I agree strongly with you about the need for good resources. Here are a few I've found that are useful.

* A trip through the Graphics Pipeline[1] is slightly dated (10 years old) but still very relevant.

* If you're interested in compute shaders specifically, I've put together "compute shader 101"[2].

* Alyssa Rosenzweig's posts[3] on reverse engineering GPUs casts a lot of light on how they work at a low level. It helps to have a big-picture understanding first.

I think there is demand for a good book on this topic.

[1]: https://fgiesen.wordpress.com/2011/07/09/a-trip-through-the-...
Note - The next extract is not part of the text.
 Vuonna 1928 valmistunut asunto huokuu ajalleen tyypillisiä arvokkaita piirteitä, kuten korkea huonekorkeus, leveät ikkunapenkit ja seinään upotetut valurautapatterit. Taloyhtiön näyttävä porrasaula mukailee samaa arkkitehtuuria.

[2]: https://github.com/googlefonts/compute-shader-101

[3]: https://rosenzweig.io/


Thank you, I will check them out. I remember having read an article by the smart young lady, I didnt understand half of it, hopefully I will get more this time..
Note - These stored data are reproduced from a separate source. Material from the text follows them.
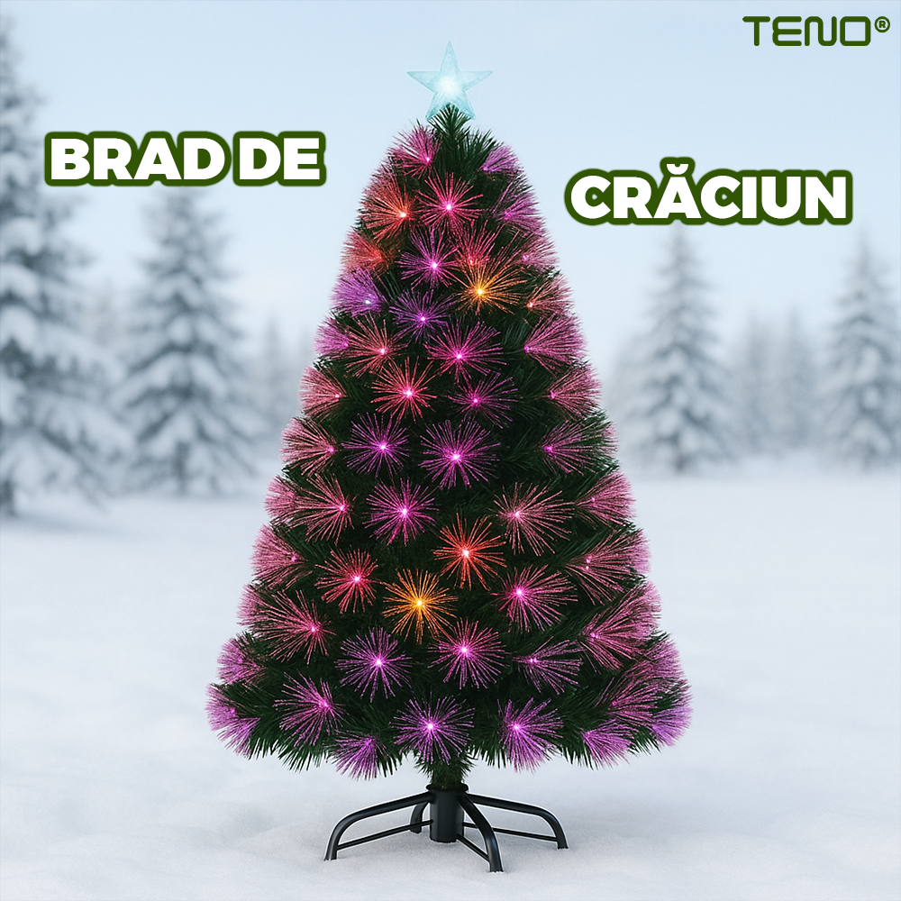 Bradul este decorat cu luminite tip fibra optica, care difuzeaza culori delicate si creeaza un efect spectaculos, modern si elegant. Jocul de lumini se schimba subtil, oferind un spectacol vizual feeric ce completeaza perfect magia Craciunului.
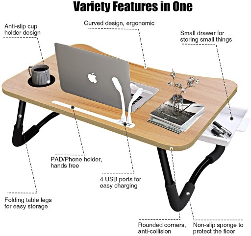 Składany Stolik na laptopa, składany stolik na notebooka z portami ładowania USB 4, szufladą plus gniazdo na kubek
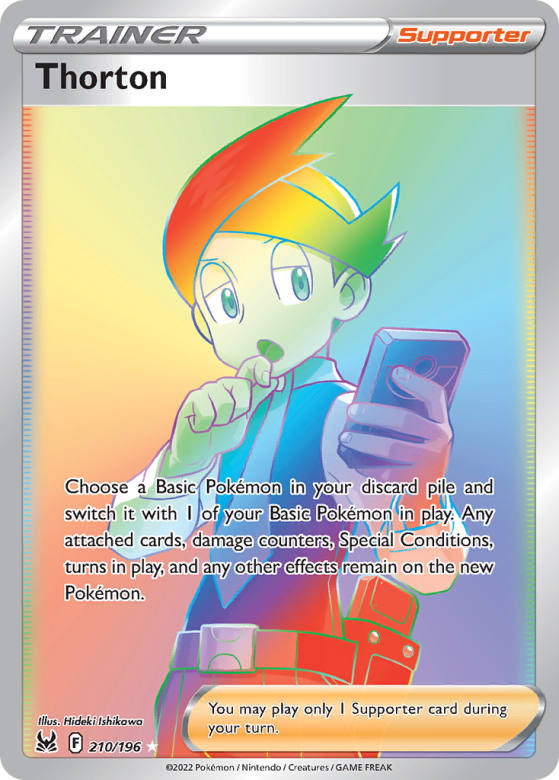 Choose a Basic Pokémon in your discard pile and switch it with 1 of your Basic Pokémon in play. Any attached cards, damage counters, Special Conditions, turns in play, and any other effects remain on the new Pokémon. You may play only 1 Supporter card during your turn.
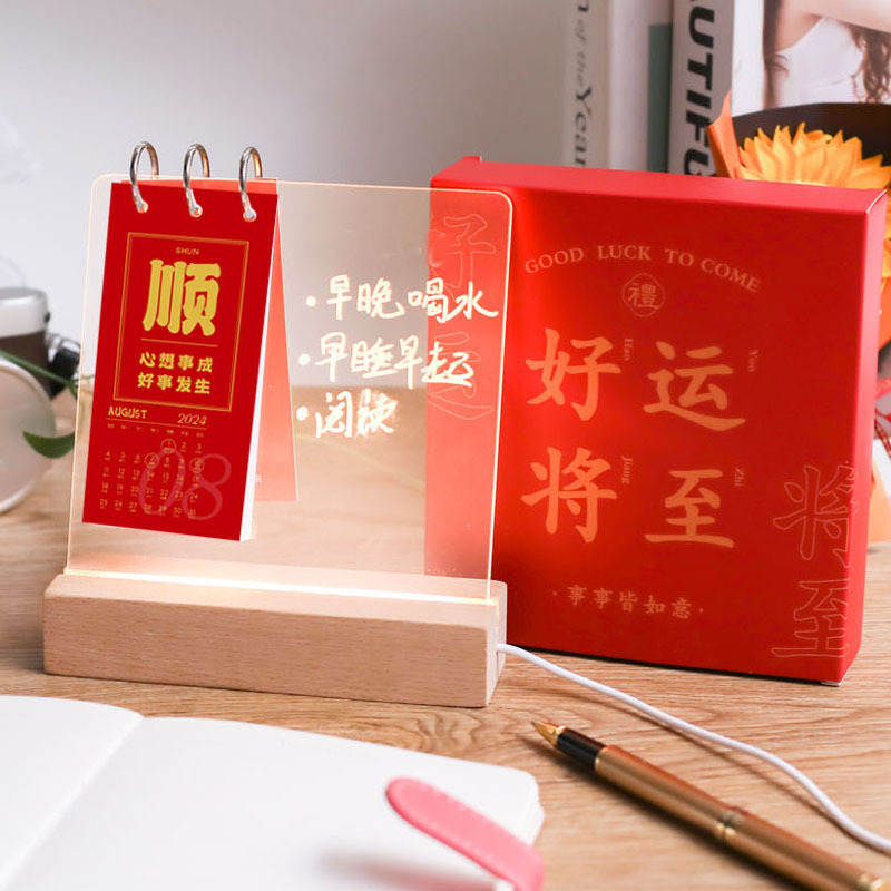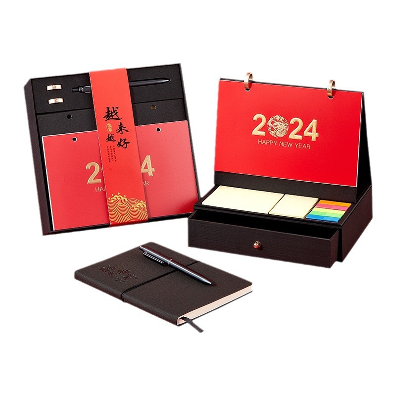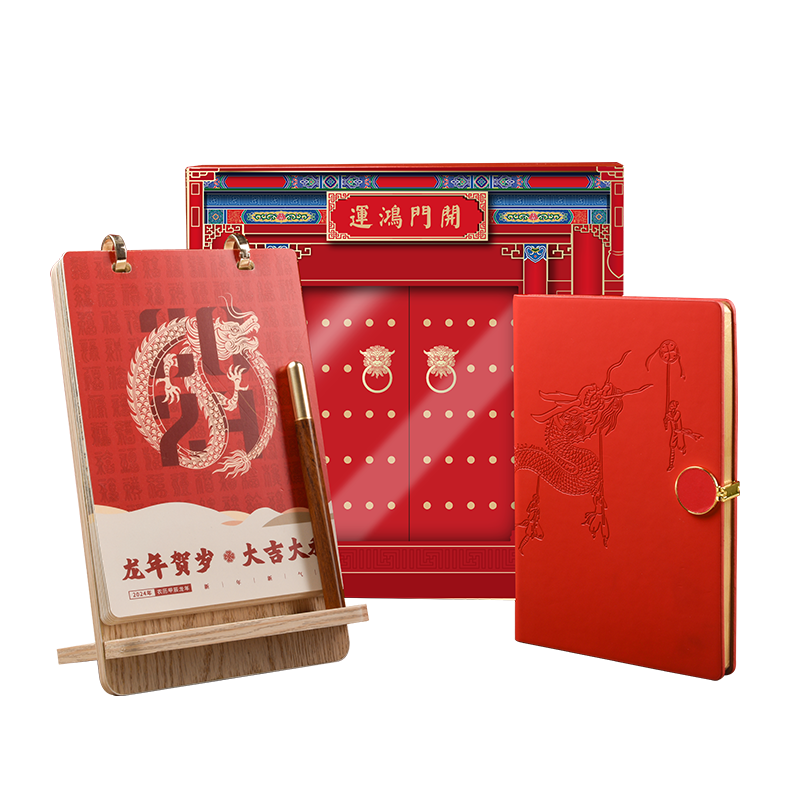 配置:①龙年新春台历、②知书·红木笔、 ③“长红”笔记本...

Here's a somewhat recent blog post I stumbled over which might be helpful:

https://rastergrid.com/blog/gpu-tech/2021/07/gpu-architectur...

There isn't a lot of actual under-the-hood information though, because GPUs are closed IPs. So the information needs to be pieced together from the occasional conference talks, performance optimization advice from GPU vendors and what enthusiasts reverse engineer by poking GPUs through the 3D APIs.


Thanks. Ok, hear me out because here it comes naive time. GPU demand will continue to grow exponentially in this decade (VR, Crypto or whatever remains from it,ML,Data Eng,Steam Deck, Laptops etc)Wouldnt it be possible for some multi-country/university/companies to create a totally open GPU specification ? That has happened already? I understand we are talking about a long time of research effort and billions $$ but I think the benefits for all would be incredible. Open hardware, open libraries, open drivers. Imagine a world with no Linux, a totally closed x86 fully owned by IBM, closed webGL. Where can I read more about efforts in this direction if they exist?

What would be the point, besides an unprecedented, enormously ambitious hardware design learning project?

Executing shaders better than Nvidia and AMD is not likely.

Selling good graphics adapters at competitive prices to concrete users is even less likely.

Experiments with APIs would have a fatal adoption problem.

Avoiding DRM, if legally feasible, would be less useful than spending the same resources to support Sci-Hub or improve laws.

And of course for the more practical purpose of writing mere software, including Vulkan implementations, specifications are complete and open enough.


An open GPU design would be great for the RaspberryPi for instance, even if performance wouldn't be competitive with NVIDIA or AMD (it really doesn't need to be). I think a "RISC-V, but for GPUs" would make a lot of sense, e.g. RISC-V met a similar scepticism in the beginning, yet it seems to quickly gain steam in the last few years.

I found this very helpful. It's a 140 pages book and explains relatively abstract how modern gpu hardware works and the programming model.

General-Purpose Graphics Processor Architectures (Tor M. Aamodt)

https://skos.ii.uni.wroc.pl/pluginfile.php/28568/mod_resourc...

> 4. Nvidia, AMD resources are 50% advertising, 50% hype and proprietary jargon.

I found the Nvidia CUDA C Programming Guide very helpful...


Thanks, I was previously unaware of this reference. On a quick skim, it seems to be more of an outline of interesting research directions for GPU architecture than a synthesis of where things are, targeted at programmers. But it has lots of detail and is likely to be useful to lots of people!

The book looks pretty great!,pretty much in spirit to what I wanted. It is very slim but it has a big bibliography so it is perfect as an initial roadmap.

Is this page completely broken for anyone else? After the fade-in animations, the whole page vanishes. Using Chrome, btw.

I hope this is not how the allocator works.. Allocate, memory gone


+1, though I don't see a fade, just a white stripe at the top and a long empty grey page below it.

It worked for me earlier, on FF 78, Linux.

Loading it just now, I'm seeing what you see.